In the for loop, we then use each of these generated poses, to generate a toleranced cartesian trajectory point. The trajectory points are added to the points list. To generate the trajectory points, we use makeTolerancedCartesianPoint(poses[i], 0.0, 0.4, M_PI). The three numbers following the pose are the allowed rotational tolerance sizes around the X, Y, and Z axis. In this case we allow a symmetric rotational tolerance of 0.4 radians around the Y axis, and a symmetric rotational tolerance of PI radians around the Z axis.

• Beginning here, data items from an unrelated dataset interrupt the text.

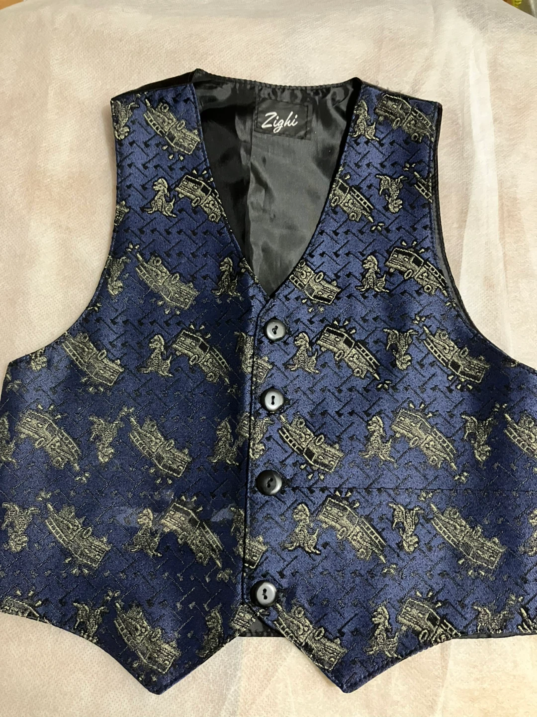 Selling a Zighi vest in navy blue with a fun firetruck pattern! It's in great condition and perfect for adding a unique touch to any outfit. The material feels nice and the buttons are all securely attached Kids size 5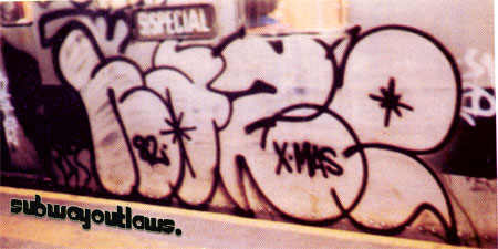 Throw-Ups The history of the "throw-up" started with writers in the 70's doing quick "bubble-letter" pieces to "get-up" fast. The first writer and crew to take this form of "bombing" to a new level was, IN-1 & THE TOP CREW. Their goal was to take over the whole subway system. They accomplished this by inventing the two-letter throw-up which helped them become "All-city" kings in the mid 1970's. Many writers used this concept and took it to a new level. Originality is also very important and writers could be criticized for having a "whack" "throwie" |
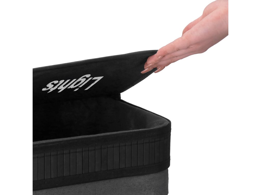 - A fedél két elemből áll, amelyeket cipzárral rögzítenek - az alsó elem a házra kerül, a felső elem mozgatható része kinyitja és zárja a kosarat

We then move on to the visualization of the trajectory points generated in the previous piece of code:
1 // Visualize the trajectory points in RViz
2 // Transform the generated poses into a markerArray message that can be visualized by RViz
3 visualization_msgs::MarkerArray ma;
4 ma = tutorial_utilities::createMarkerArray(poses);
5 // Start the publisher for the Rviz Markers
6 ros::Publisher vis_pub = nh.advertise<visualization_msgs::MarkerArray>("visualization_marker_array", 1);
7
8 // Wait for subscriber and publish the markerArray once the subscriber is found.
9 ROS_INFO("Waiting for marker subscribers.");
10 if (waitForSubscribers(vis_pub, ros::Duration(2.0)))
11 {
12 ROS_INFO("Subscriber found, publishing markers.");
13 vis_pub.publish(ma);
14 ros::spinOnce();
15 loop_rate.sleep();
16 }
17 else
18 {
19 ROS_ERROR("No subscribers connected, markers not published");
20 }
Using the createMarkerArray(poses) function, we transform the list of poses into a so-called Marker Array. As its name explains, the marker array contains an array of markers, that can be sent to RViz, on a certain topic that it listens to. RViz will then visualize every marker in the marker array. The marker array is then published, using the same method as in the publishing of the planning scene.
The third step is creating a robot model and initializing it correctly. In this tutorial there are two differences compared to the previous one:
The first line, where the robot model is created, a new descartes_moveit::IkFastMoveitStateAdapter is created. We need to use this specific object, because in this case we will use the IKfast solver to calculate the inverse kinematic solutions. This is different than the KDL solver, which is used in the previous tutorial. The IKfast solver seems to be faster, generates more solutions, and is more accurate.
After the model is declared, we turn on the collision detection.
The remaining code is explained in the first tutorial.